Ways this could come about to my mind include

1. Community Service- Villains are allowed to reduce time, but they have to do it by being super heroes and putting their skins on the line protecting the city they would have once robbed.

 

2. If you want to live, put on tights- Rare diesese or medical problems plague the Characters, and there is a corporation/doctor/wealthy guy who can arrange to save them AND give them powers... the catch? They have to put on costumes and fight crime. Their patron maybe hoping to cash in on the super craze, or may just be ruthless in fighting crime. If the characters don't get regular injections (irradations, whatever) whatever medical problem it is could come back. Related, maybe it's not the character, but one of his loved ones who needs curing "Yes, we can save your baby... by the way, I think you'd look lovely in red spandex."

 

3. Mystical/Cosmic Compulsion- Either you find yourself granted power and fighting crime with it against your will, or at the least, you transform into a costumed figure every time some evil arises, and you won't get to go back to your normal life until you rectify it.

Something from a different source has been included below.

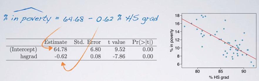 Using intercept and slope from previous example, we can simply plug the explanatory, 82 to the resulting formula. What we get is 13.84. So based we can say on states, given that the state have 82% HS graduation rate, we predict that 13.84% on average in the poverty line. But beware of some extrapolation.
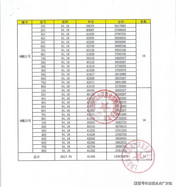 上期一房一价表:

Maybe you brought this in part on yourself (Mocked a god, messed with an archelogical dig, etc).

 

Naturally, the above are just some basic ideas, and you'll notice I said characters, not players. :) If the players don't like the idea of characters in these situations, I can't see it as a good idea to try it.

 

But if they're amendible, it might be interesting to start it out with no choice, then see how the characters develop and what they might make when they DO finally get power over their own lives again...

 

I'm reminded of a line from Batman Beyond by Magma... Terry pleads with Magma to stop, telling the former scientist he's a hero too... Magma disagrees...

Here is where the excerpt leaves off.